# Best Food?



## SpiderCricket (Sep 8, 2013)

I'm starting to wonder what would be the best food if I were to buy food on the road be? I'm thinking stuff like ramen and pastas would be good, but what about shit that spoils, what's a good way to persevere it in a van without a mini fridge?


----------



## Thx (Sep 8, 2013)

Um, there is the terra cotta "pot-in-pot" method...



Thx


----------



## Thx (Sep 8, 2013)

Evaporative fridge...



I LOVE prepping and off-grid! 

Thx


----------



## Roosterruler (Oct 2, 2013)

I've never found Ramen to be worth it. The body burns through it so fast and I end up feeling like crap in the end.

Brown rice can be insanely cheap, when bought in bulk. Same with rolled oats (instant oats are almost as bad as ramen). Maybe your body is kinder than mine.

For me, if I'm on a budget, I find I save money by buying better quality food (ex. wasa crackers instead of ramen or bread).

I haven't gotten sick off of hummus that isn't kept chilled... that's my favourite travel food. Hummus and spinach and a red pepper on a cracker.

In my van, I also like to cook with eggs. If you can get 'em straight from the farm, no need to refrigerate. I like to cook up eggs and toast with coconut oil over the small marine stove I've got in my truck. Best wait to start the morning (that or porridge) and making the fire heats up the whole truck pretty fast. Basic soup in the evening holds me over till the next day.

I've heard a lot of mixed reviews of the terra-cotta fridge - although can't speak from experience.

I think the "shit that spoils" is something sort of given up when you move into a van - unless you've got the means to keep it chill. There's a whole range of foods out there that don't need to be kept cold. I just skip dairy and meat. Left-overs can usually be consumed within 24 hours.

One of my favourite meals I grew up eating outside was potatoes + assorted veggies, ketchup, and pepper all wrapped up in foil and cooked over a fire. No dishes to deal with if you give the fork a good lick with your tongue when you're done.


----------



## crow jane (Oct 2, 2013)

powedered hummus is the greatest.. just add water.

Also quinoa is a go to. Faster to cook than rice


----------



## outskirts (Oct 3, 2013)

crow jane said:


> powedered hummus is the greatest.. just add water.
> 
> Also quinoa is a go to.

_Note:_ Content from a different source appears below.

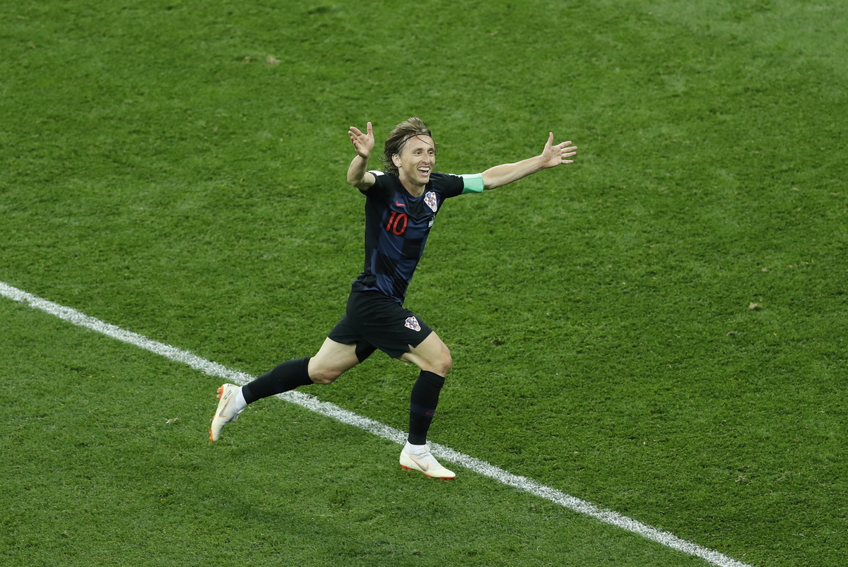 epa06829049 Luka Modric of Croatia celebrates after scoring the 0-2 goal during the FIFA World Cup 2018 group D preliminary round soccer match between Argentina and Croatia in Nizhny Novgorod, Russia, 21 June 2018. (RESTRICTIONS APPLY: Editorial Use Only, not used in association with any commercial entity - Images must not be used in any form of alert service or push service of any kind including via mobile alert services, downloads to mobile devices or MMS messaging - Images must appear as still images and must not emulate match action video footage - No alteration is made to, and no text or image is superimposed over, any published image which: (a) intentionally obscures or removes a sponsor identification image; or (b) adds or overlays the commercial identification of any third party which is not officially associated with the FIFA World Cup) EPA/RITCHIE B. TONGO EDITORIAL USE ONLY

Faster to cook than rice


The problem with quinoa is that with it becoming so popular now, the price has risen, thus leaving the indigenous people who grow it unable to afford it anymore.

Barley is an excellent grain, gives you plenty of long lasting energy.


----------



## travelin (Oct 3, 2013)

taters work, roasting ears are good. plain ole white rice is good.

course ya need a pot with a lid for rice(slowly pour white rice into boiling water. ratio is two water, one rice. stir it when it all gets in for a moment, reduce to slow simmer, put on lid and wait 20 minutes[longer above 4000 feet] )

taters and roasting ears can be wrapped in tinfoil and tossed in a fire, but the tinfoil is not 100% necessary. if ya can score some of the little butter cup from a truckstop they go well with corn or taters. roasting ears does well with being soaked a while before tossing in the coals.

gotta have salt at least, salt and pepper is better. 

pears, apples, oranges, last a long time. bananas are good but don't last long. same with grapes. cherrys seem to last a while longer as long as they arnt crushed.

theres been some talk recently on the forum about really old traveling foods like hardtack and pemmican. takes some preparation in a kitchen setting really, but lasts a long, long time. course pemmican uses animal fats and chunks of meat so that might not be your thing.

I guess I went at the question with the idea of durable foods that are nutritious.


----------



## crow jane (Oct 3, 2013)

outskirts said:


> The problem with quinoa is that with it becoming so popular now, the price has risen, thus leaving the indigenous people who grow it unable to afford it anymore.



yeah, that's what i've been hearing for a while.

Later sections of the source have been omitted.